After this exception, some representations are not disposed anymore since the thread which would have disposed them is now dead and thus the editing context event processor is never disposed. As a consequence, the editing context event processor will never see any update in the view / domain models on the server.

pcdavid commented 1 year ago

I can't always reproduce, but with the following steps I can get the stack quite often still:

  1. Start from an empty server (probably not necessary, but easier to analyze).
  2. Import created-before.zip. Its a basic project with a "Robot Flow". Select the "Robot" element and note that all the expected representations can be created on it.
  3. Go back to the projects list (do not keep "created-before" open in a tab/window) and import studio.zip. It contains a View with an empty diagram definition which applies to flow::System.

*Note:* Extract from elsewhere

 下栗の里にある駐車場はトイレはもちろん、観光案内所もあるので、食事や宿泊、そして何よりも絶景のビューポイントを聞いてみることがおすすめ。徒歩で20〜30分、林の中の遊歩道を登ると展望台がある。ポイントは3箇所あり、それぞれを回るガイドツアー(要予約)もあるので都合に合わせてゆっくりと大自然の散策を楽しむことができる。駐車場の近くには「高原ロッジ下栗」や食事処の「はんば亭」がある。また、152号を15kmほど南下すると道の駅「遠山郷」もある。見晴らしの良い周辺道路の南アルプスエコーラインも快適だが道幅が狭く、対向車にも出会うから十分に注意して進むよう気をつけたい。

  4. Go back to the projects list and import created-after.zip. Except for the name, it's identical to "created-before" and just provided for convenience.
  5. In "created-after", select the "Robot" system element. The "NewDiag" (defined in the studio) should be available. Create it. Sometimes the stack appears then, but most of the times I tested, there was still no error at this point.

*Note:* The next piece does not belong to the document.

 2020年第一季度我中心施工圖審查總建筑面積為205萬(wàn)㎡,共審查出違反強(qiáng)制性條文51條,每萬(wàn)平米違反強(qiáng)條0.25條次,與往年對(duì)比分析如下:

  6. Go back to the projects list and re-open "created-before" (it should have been closed for at least 6 seconds at this point, the longer the better).

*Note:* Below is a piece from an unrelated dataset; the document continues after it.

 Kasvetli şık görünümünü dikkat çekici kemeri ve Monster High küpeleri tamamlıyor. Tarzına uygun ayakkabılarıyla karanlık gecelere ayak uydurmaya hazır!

  7. Select the "Robot" system element. The "NewDiag" (defined in the studio) should be available. Create it. Here I get the stack quite regularly, but not always.
pcdavid commented 1 year ago

I can sometimes get in a state where, a Tree (from the explorer) is not properly "unsubscribed" from the subscription manager even though I (the end user) have closed the project. This causes the tree event processor to never get disposed, and by cascade the editing context event processor itself is never disposed/closed, and hence never properly reloaded.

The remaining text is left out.